A verdadeira santidade pode ter esse efeito, ao menos em certas condições. S. Teresa de Calcutá era assim. Embora muitos não tivessem a mesma fé que ela, até os inimigos da fé a admiravam. Isso acontecia, não porque bajulasse os outros, mas justamente pelo contrário. Ela tinha coragem para repreender inclusive os mais poderosos, mas demonstrava um amor que não podia ser negado. A forma como refletia a glória de Cristo deixava todos paralisados.

Este talvez seja um dos dons mais raros de todos, mas ainda deve ser buscado, para que ao menos algumas pessoas em cada época tenham uma santidade e bondade cativantes em sua pureza. 

4. Assertividade. — Ser apropriadamente assertivo é atender às necessidades de alguém sem pisar outras pessoas. E qual é a maior necessidade de qualquer santo? Proclamar a Cristo crucificado e ressuscitado. Desse modo, quando Pedro e João são instados a parar de proclamar o nome de Jesus, reafirmam a necessidade e o direito de continuarem a fazê-lo. Mas o fazem sem desrespeitar os líderes que estão diante deles. Não gritam: “Não vos escutaremos!” Não os desrespeitam pessoalmente de modo algum. Ao contrário, recomendam-se à consciência dos líderes como forma de recusar respeitosamente uma ordem a que não podem obedecer: “Julgai-o vós mesmos se é justo diante de Deus obedecermos a vós mais do que a Deus. Não podemos deixar de falar das coisas que temos visto e ouvido”.

Em outras palavras, eles dizem: “Irmãos, anciãos, não concordais com que um homem há de obedecer a Deus antes que a qualquer outro homem? Fazei o que tendes de fazer. Tende vossos juízos. Nós, porém, devemos obedecer ao Senhor e falar de Jesus até o nosso último suspiro.”

São respeitosos, mas falam com clareza; afirmam a si mesmos e sua missão, mas não atacam nem pisoteiam as reputações ou a justa autoridade dos membros daquela comunidade ou estado; não podem cooperar com uma ordem vil, mas não atacam nem encenam uma tentativa de tomar o poder. Ficam diante de seus oponentes e olham nos olhos deles. Não fogem nem cedem ao medo, mas tampouco se tornam como eles no que diz respeito à arrogância e a exigências injustas. 

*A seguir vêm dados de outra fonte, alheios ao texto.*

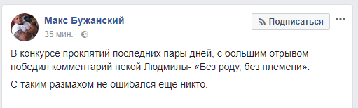 "В конкурсе проклятий последних пары дней, с большим отрывом победил комментарий некой Людмилы- "Без роду, без племени". С таким размахом не ошибался ещё никто", - пишет Бужанский.

Este é um bom modelo para nós que estamos começando a viver dias difíceis, nos quais as pressões da cultura e do governo podem exigir que nos recusemos a cooperar com demandas perversas. Nosso objetivo não é humilhar nem vencer nossos oponentes, mas convertê-los, e se não os convertermos, que ao menos possamos converter a cultura ao nosso redor. Como diz S. Paulo: “Afastamos de nós todo procedimento fingido e vergonhoso. Não andamos com astúcia, nem falsificamos a Palavra de Deus. Pela manifestação da verdade nós nos recomendamos à consciên­cia de todos os homens, diante de Deus” (2Cor 4, 2). 

Aqui temos um modelo para nós e alguns desafios. Temos de manifestar uma corajosa e sincera confiança no Evangelho que proclamamos, porque conhecemos Jesus e estamos sendo conformados à sua imagem. Na verdade, deveríamos pedir e nos esforçar para ter aquela rara santidade, cativante em sua pureza, mas que também nos leva a anunciar a Cristo assertivamente, sem concessões nem hipocrisia. — Ajudai-nos, Senhor!